About this task:
Reproduce word for word the lines from the beginning of the entries to the line with "可调式龙门吊架又称龙门吊架、", both included, but none of the pictures.

Supplied records:
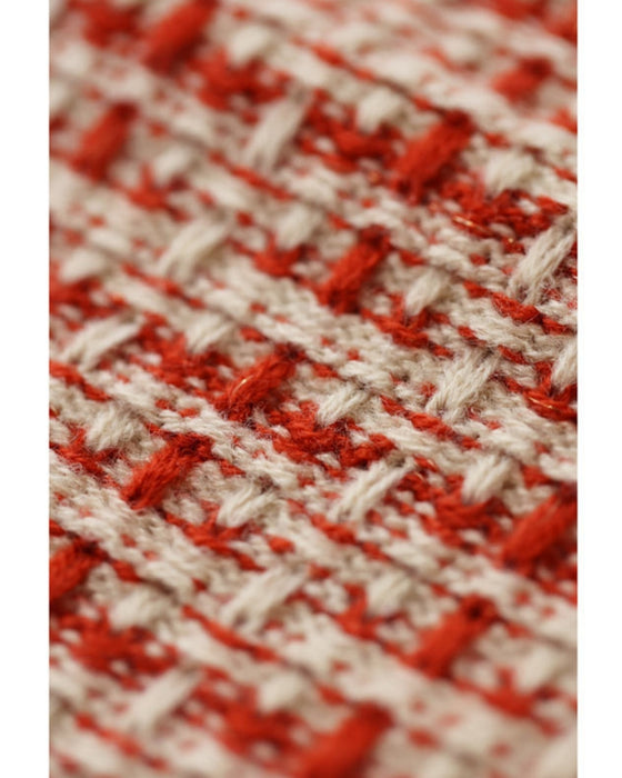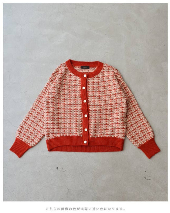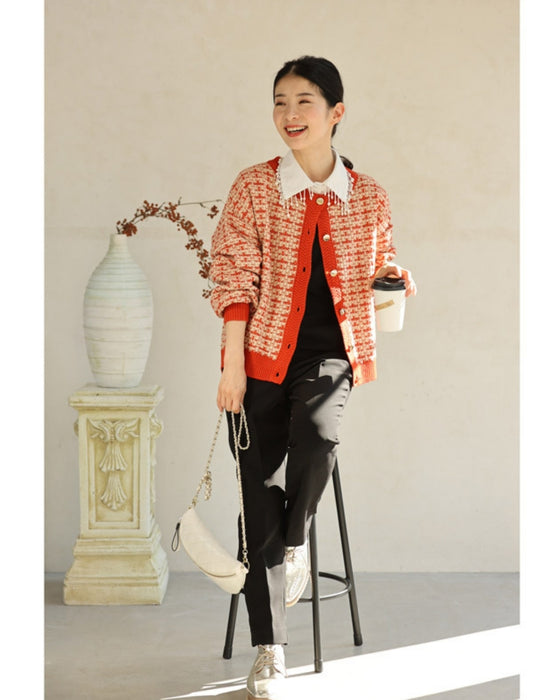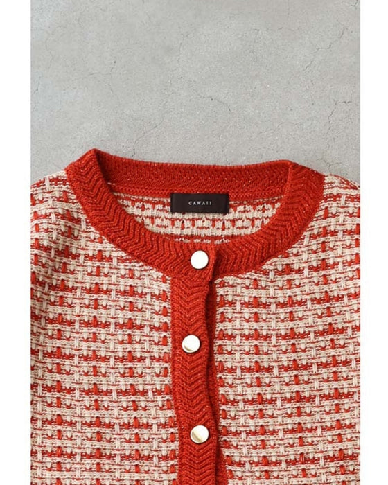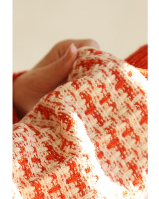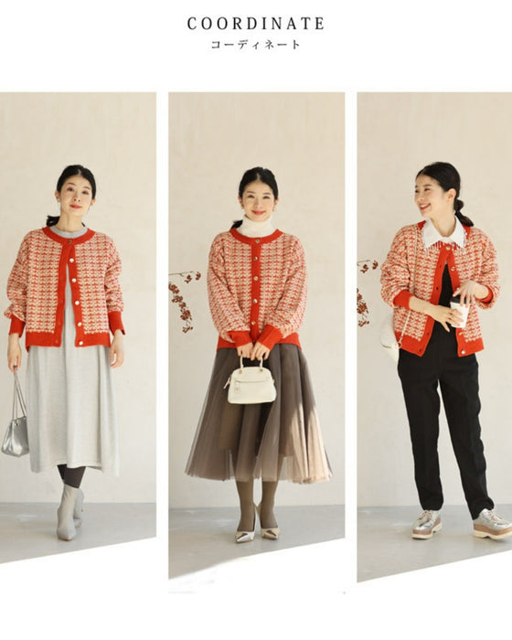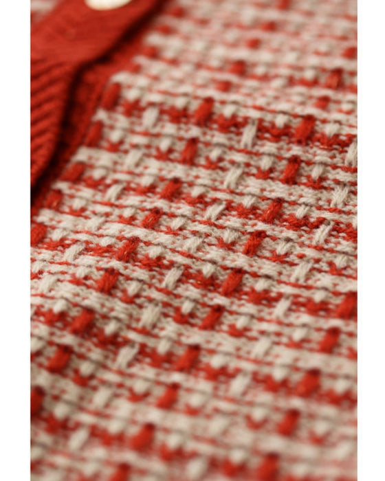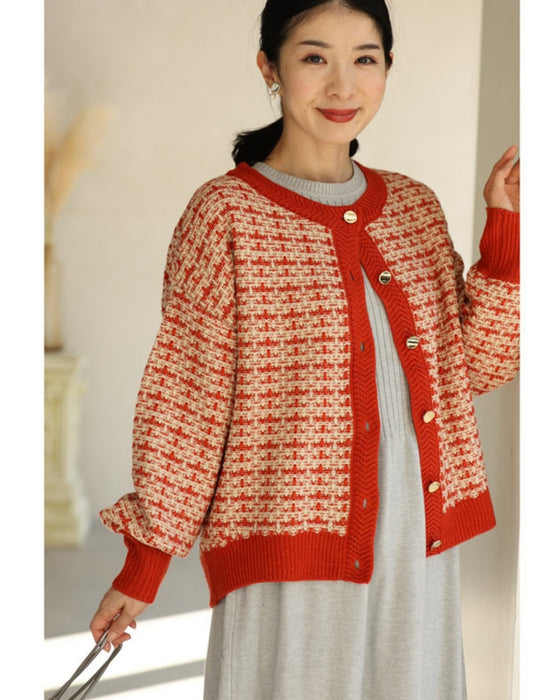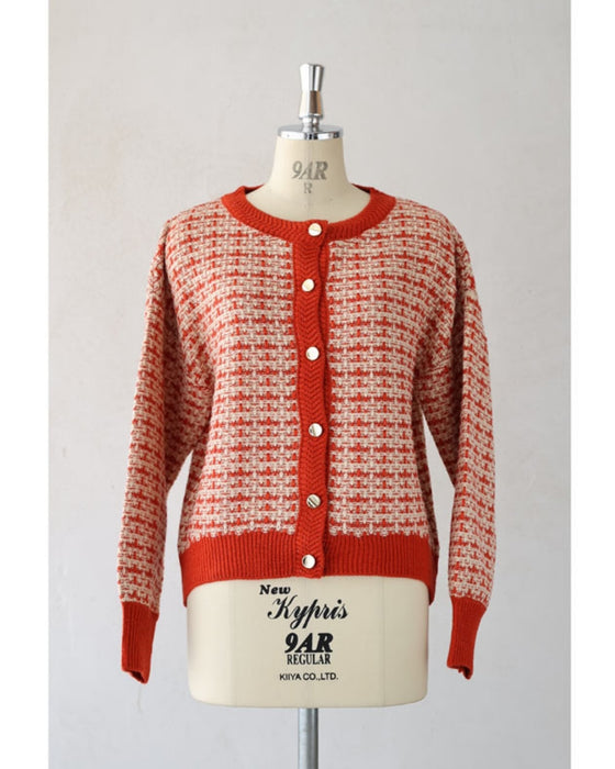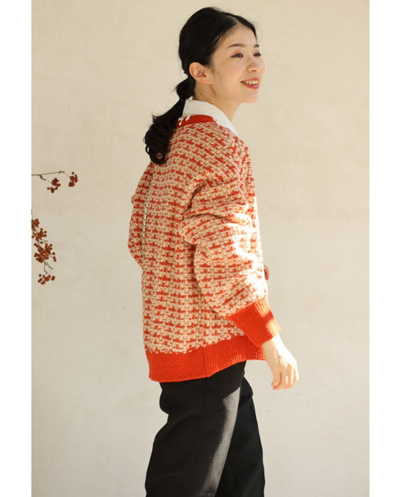 温かみあるみかん色のツイード風チェックニットカーディガン
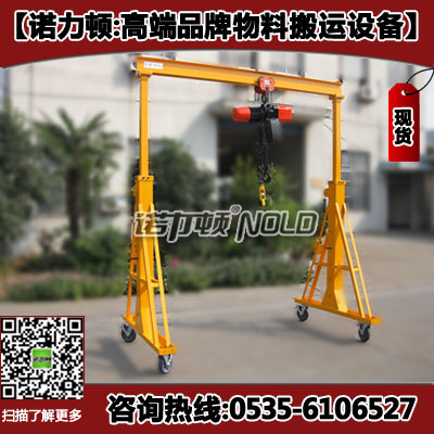 可调式龙门吊架又称龙门吊架、可调式移动龙门吊,是烟台开发区龙海起重工具有限公司自主品牌“诺力顿”——高端品牌物料搬运设备。本产品采用安全系数超过15%的重型设计,龙门吊架的高度可按需调节,保质12个月。现货供应!
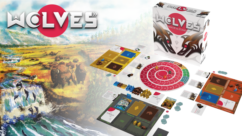 Wolves, designed by Connor Alexander (Cherokee Nation) with art by Sa’dekaronhes Esquivel (Kanyen’kehà:ka/Mexican Indigenous) and Ovila Mailhot (Sto:lo / Nlaka’pamux Nation) is published by Coyote & Crow LLC, a Native owned company that focuses on raising the voices of marginalized creators and presenting Indigenous concepts in tabletop games. Wolves is the next board game in the Coyote & Crow universe.
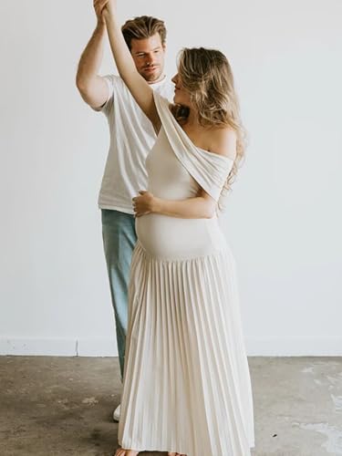 • Features: Off the shoulder, pleated, maxi, half sleeve, long, flowy, stretch waist, plus size. This maternity dress for photoshoot exudes timeless elegance, creates a flattering look. The bodycon fit ensures a fashion and chic ensemble.
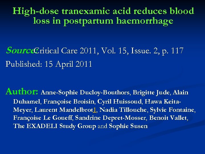 High-dose tranexamic acid reduces blood loss in postpartum haemorrhage Source: Critical Care 2011, Vol. 15, Issue. 2, p. 117 Published: 15 April 2011 Author: Anne-Sophie Ducloy-Bouthors, Brigitte Jude, Alain Duhamel, Françoise Broisin, Cyril Huissoud, Hawa Keita. Meyer, Laurent Mandelbrot 1, Nadia Tillouche, Sylvie Fontaine, Françoise Le Goueff, Sandrine Depret-Mosser, Benoit Vallet, The EXADELI Study Group and Sophie Susen
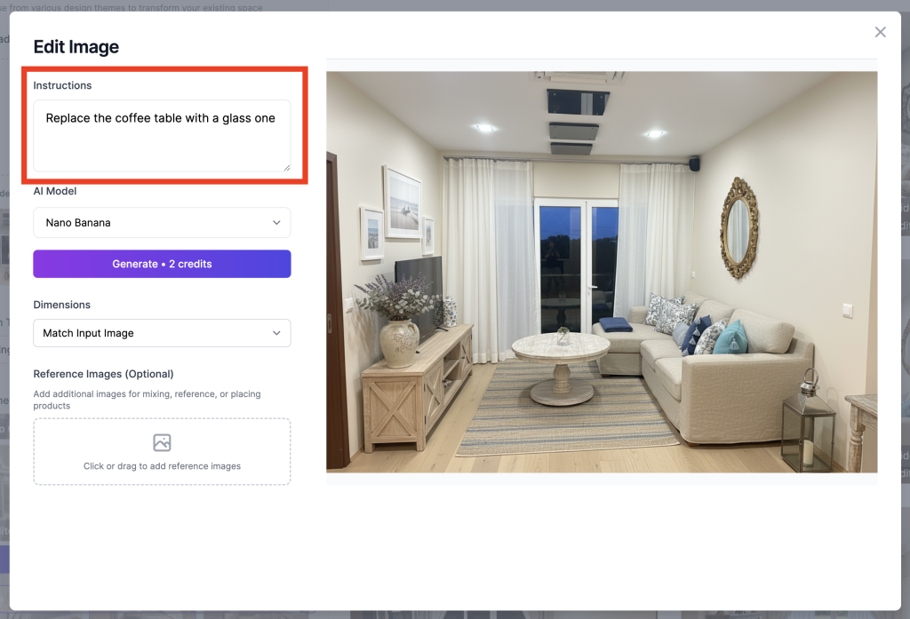 - Edit: Modify specific elements like colors, furniture, or decor while keeping the room layout intact. Perfect for changing colors, materials, or adding/removing specific items.

Response below:
 温かみあるみかん色のツイード風チェックニットカーディガン
 可调式龙门吊架又称龙门吊架、可调式移动龙门吊,是烟台开发区龙海起重工具有限公司自主品牌“诺力顿”——高端品牌物料搬运设备。本产品采用安全系数超过15%的重型设计,龙门吊架的高度可按需调节,保质12个月。现货供应!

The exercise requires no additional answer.